Dans chaque université allemande plusieurs professeurs étaient en concurrence pour chaque branche d’enseignement; ainsi, les maîtres avaient eux-mêmes de l’émulation, intéressés qu’ils étaient à l’emporter les uns sur les autres, en attirant un plus grand nombre d’écoliers. Ceux qui se destinaient à telle ou telle carrière en particulier, la médecine, le droit, etc., se trouvaient naturellement appelés à s’instruire sur d’autres sujets; et de là vient l’universalité de connaissances que l’on remarque dans presque tous les hommes instruits de l’Allemagne. Les universités possédaient des biens en propre, comme le clergé; elles avaient une juridiction à elles; et c’est une belle idée de nos pères que d’avoir rendu les établissements d’éducation tout à fait libres. L’âge mûr peut se soumettre aux circonstances; mais à l’entrée de la vie, au moins, le jeune homme doit puiser ses idées dans une source non altérée.

L’étude des langues, qui fait la base de l’instruction en Allemagne, est beaucoup plus favorable aux progrès des facultés dans l’enfance, que celles des mathématiques ou des sciences physiques.
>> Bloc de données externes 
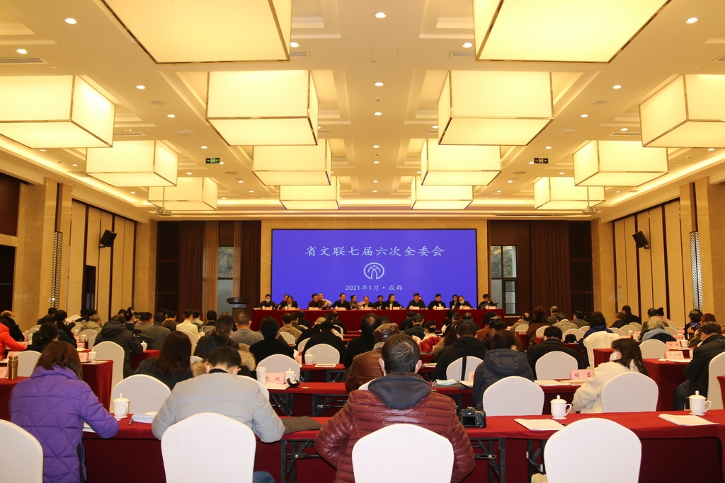 1月25日,四川省文联第七届全省委员会第六次会议在成都召开。会议深入贯彻习近平新时代中国特色社会主义思想和党的十九大、十九届二中、三中、四中、五中全会精神,传达中国文联十届六次全委会、全省宣传部长会议精神,全面总结四川省文联2020年工作,分析当前形势和任务,部署2021年工作,推进文联深化改革,进一步团结引导广大文艺工作者,为繁荣发展社会主义文艺事业、推进文化强省建设作出积极贡献。
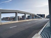 A view of a modern cityscape in the Netherlands. The image features a busy business district with office buildings and a network of roads and bridges. The city is surrounded by a clear sky and has a pier overlooking the harbor.
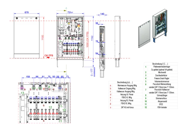 Trinkwassererwärmung mit zusätzlichem elektr. Durchlauferhitzer 13,5 kW, Verteiler mit Durchflussanzeiger 0-3 l/min im Vorlaufbalken und Thermostatventileinsatz M30x1,5 im Rücklaufbalken, kupfergelötet Plattenwärmetauscher, Aufputz-Schrank mit Frontblende RAL 9016

Pascal, ce grand géomètre, dont la pensée profonde planait sur la science dont il s’occupait spécialement, comme sur toutes les autres, a reconnu lui-même les défauts inséparables des esprits formés d’abord par les mathématiques: cette étude, dans le premier âge, n’exerce que le mécanisme de l’intelligence; les enfants que l’on occupe de si bonne heure à calculer, perdent toute cette sève de l’imagination, alors si belle et si féconde, et n’acquièrent point à la place une justesse d’esprit transcendante: car l’arithmétique et l’algèbre se bornent à nous apprendre de mille manières des propositions toujours identiques. Les problèmes de la vie sont plus compliqués; aucun n’est positif, aucun n’est absolu: il faut deviner, il faut choisir, à l’aide d’aperçus et de suppositions qui n’ont aucun rapport avec la marche infaillible du calcul.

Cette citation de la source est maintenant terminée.